If you haven't heard this part of the story before I'll quickly fill you in. Iowa Governor, Clyde Herring, still upset with how Hawkeyes RB Ozzie Simmons had been knocked out in the 1934 game said "If the officials stand for any rough tactics like Minnesota used last year, I'm sure the crowd won't." Herring seems to have been encouraging a riot. Minnesota's Governor Floyd B. Olson tried to calm things down by suggesting a bet. Floyd sent a telegram to Clyde, "Minnesota fans are excited over your statement about Iowa crowds lynching the Minnesota football team. I have assured them you are law abiding gentlemen and are only trying to get our goat ... I will bet you a Minnesota prized hog against an Iowa prized hog that Minnesota wins."
Floyd B Olson, left (WITH VICTORY CIGAR) getting his prize hog from Governor Herring, Via MNHS.
Obviously what comes out of that story is Floyd of Rosedale. Named for Floyd B. Olson, the pig came from Rosedale Farms near Fort Dodge, Iowa. Before the bronze statue, there was the real life Floyd, before the real pig there was this wooden pig sign.
Wooden Butcher sign with 1935 Gopher players names signed in pencil.
To the Minnesota players before the 1935 game it wasn't clear at all who would have to pay up on this bet between Governors Floyd and Clyde. In some tellings of this story the players worried that they would be on the hook for providing a pig to Iowa should they lose. Other versions of the story state that Minnesota players would present the wooden pig sign as a gesture of good will to the Iowa fans. Either way on a dark night in early November 1935 a butcher shop sign in Dinkytown went missing and got onto the train with the Minnesota boys heading to Iowa City.

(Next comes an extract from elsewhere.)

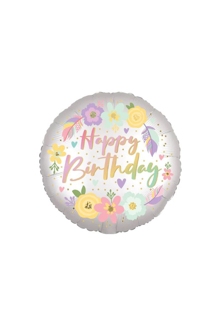 Boho Birthday Satin Flowers Foil Balloon 45cm

The sign today is painted on one side but you can just make out "MEAT" underneath the coats of gold paint. The other side has signatures from about 70 people.
"MEAT" is just visible. There is something else underneath MEATS but it is illegible.
After the Gophers beat Iowa, 13-6 in the closest game on their way towards winning a second straight national championship, the wooden pig came back to Dinkytown. For years it was hung in Cooke Hall. Visitors continued to add their names to the pig. At some point when the old wooden sign was headed to the garbage, it was saved by a University of Minnesota employee, Bob Patrin, who still owns it today.
Bob was kind enough to let me see the wooden pig and other treasures acquired from his career working for the U of M. While I haven't been able to corroborate any of the versions of the story he told me, it seems like a plausible tale. The sign might be from Harvard Meat Market, located at 804 Washington Ave SE, the only butcher/meat market/pig shop I could locate as being around the University in the 1930s. At any rate what is cool about this wooden sign is it is the oldest, shortest lived, and only trophy to never change hands from Minnesota in the Iowa - Minnesota rivalry.
Two detail shots showing some signatures, the most notably absent signature is Coach Bernie Bierman.